La Comisión Central de Todos los Asuntos llegó a Paraísa un domingo pasadas
las dos de la tarde. Había caído un aguacero en horas de la mañana, pero el sol
había secado las calles y el entorno brillaba más de lo habitual. La comitiva
fue hospedada en el único hotel con que contaba el municipio, cerrado desde
hacía tiempo por no tener qué ofertar a los desesperados usuarios. Ahora había
sido pintado y reabastecido, y algunos de sus antiguos empleados fueron requeridos
para atender como correspondía a tan reconocida visita. Un cartel a la entrada
del vestíbulo le daba la bienvenida, y por los alrededores de la calle
principal fueron engalanados las fachadas y los postes de alumbrado público;
sin embargo el pueblo entero languidecía en la inopia, los mercados desprovistos,
las calles desiertas, las caferías, bares y demás dependencias gastronómicas
sólo ofrecían infusiones de Mejorana, Cañasanta, Tilo, Anís, Manzanilla y un
sinfín de plantas medicinales rescatadas de la tradición, pero con un escaso
valor nutritivo.
Durante una semana los inspectores midieron, registraron, hurgaron y
rastrearon cada organismo del municipio, con muy pocos señalamientos que hacer,
lo cual se hacía notar en la sonrisa cada vez más complaciente del Inspector
General.
El penúltimo día la comisión fue invitada a una cena de despedida en la
residencia del alcalde, una casona colonial rodeada de árboles ornamentales y
cámaras de vigilancia dispuestas por los alrededores.
La cena estuvo deliciosa, relajada, una repetición del año anterior y de
los últimos diez años. Se habló de los avances del municipio, totalmente
acordes con los logros del país durante el mismo período; y se hicieron notar algunos
aspectos, los menos, sobre los cuales debía esforzarse la dirigencia local.
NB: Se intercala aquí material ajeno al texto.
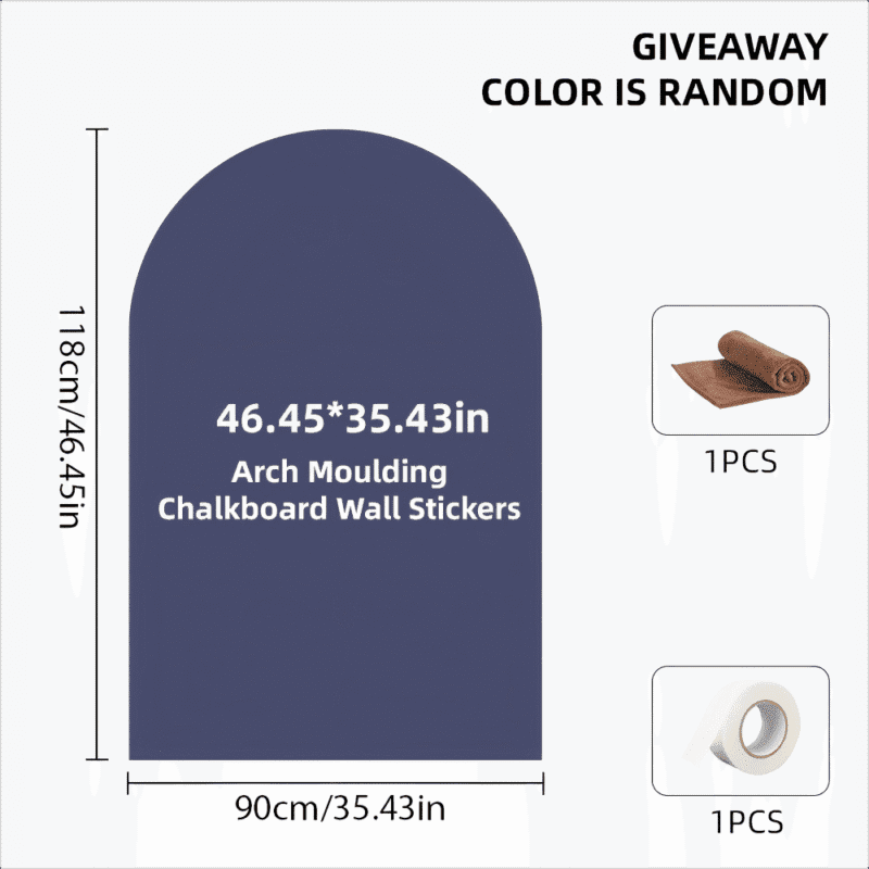 Transform your space with this arch-shaped blackboard wall sticker (118x90cm). Made of flexible PET material, it features a magnetic writable surface for doodles, messages, and displaying notes. Easy to install with removable adhesive backing—simply apply to smooth surfaces without residue. Ideal for homes, offices, or classrooms as a functional memo board or decorative accent. Includes: 1 blackboard, 1 cleaning cloth, and 5 meters of removable adhesive.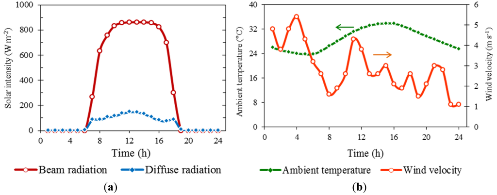 Actual measured solar radiation, ambient temperature, and wind velocity data for Tokyo were used in the simulation (Figure 6). To evaluate year-round performance, weather data for one sunny day in each month were selected. The data were obtained from the commercial software Meteonorm V. 6.1.

Esa noche, sin embargo, antes de irse a sus habitaciones para preparar el
feliz regreso a la capital, el Auditor de Finanzas, llamó la atención del grupo,
cuando catalogó de sospechosa la normalidad que reinaba en aquel sitio:
—Parece una paz artificial, como prestada o fuera de lugar. La gente
asiente, obedece, aplaude, casi ni habla. ¿Nadie escuchó ninguna crítica al
gobierno?
Los inspectores estaban obligados a recoger el estado de opinión de los
pobladores con relación a cualquier tema de actualidad.
—Yo escuché algunos comentarios referentes al Cruce Bovino-Porcino-Caballar
—dijo el Defensor del Medio Ambiente.
—¿Cómo cuáles? —preguntó el Inspector General.
—Por ejemplo, que cuando se pusiera en práctica tan extraordinaria genética,
iba a haber tanta carne combinada, que nadie iba a saber qué hacer con ella.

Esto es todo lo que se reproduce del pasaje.